THE ORIGIN OF THE BABOONS

The results of the study show that the two mummified baboons of the New Kingdom species P. hamadryas (classified as EA6738 and EA6736), preserved in the British Museum, were born outside of Egypt. Most likely they came from some area of ​​Eritrea, Ethiopia or Somalia, which would limit the geographical location of the Punt country. The data suggest that EA6736 must have died shortly after arriving in Egypt, as analyzes indicate that his enamel and hair did not have enough time to acquire the local oxygen signature from the drinking water. Five mummified specimens of P. anubisThe Ptolemaic period reflected instead levels of strontium that are consistent with an Egyptian origin, which has led researchers to think of the existence of a captive breeding program for baboons at that time, possibly based in Memphis, the ancient capital of the Lower Egypt, located northwest of the Red Sea.

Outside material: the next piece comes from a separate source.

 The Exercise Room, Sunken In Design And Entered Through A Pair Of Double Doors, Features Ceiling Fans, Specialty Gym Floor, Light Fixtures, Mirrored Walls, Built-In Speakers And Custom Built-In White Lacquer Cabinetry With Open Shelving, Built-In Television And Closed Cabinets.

Baboon mummy classified as EA6736, found in the British Museum.

Baboon mummy classified as EA6736, found in the British Museum.

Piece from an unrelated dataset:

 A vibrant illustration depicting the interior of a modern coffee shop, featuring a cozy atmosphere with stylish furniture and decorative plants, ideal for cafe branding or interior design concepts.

Photo: The Trustees of the British Museum

"Researchers believe that there may have been a captive breeding program for baboons in the Ptolemaic period, possibly in Memphis, the ancient capital of Lower Egypt, located northwest of the Red Sea.

As the researchers explain in the study, the estimated location of the exotic country of Punt remains tentative, but the role that baboons played in the Red Sea trade network and its geographic distribution is critical to understanding the historical origins of maritime trade. international.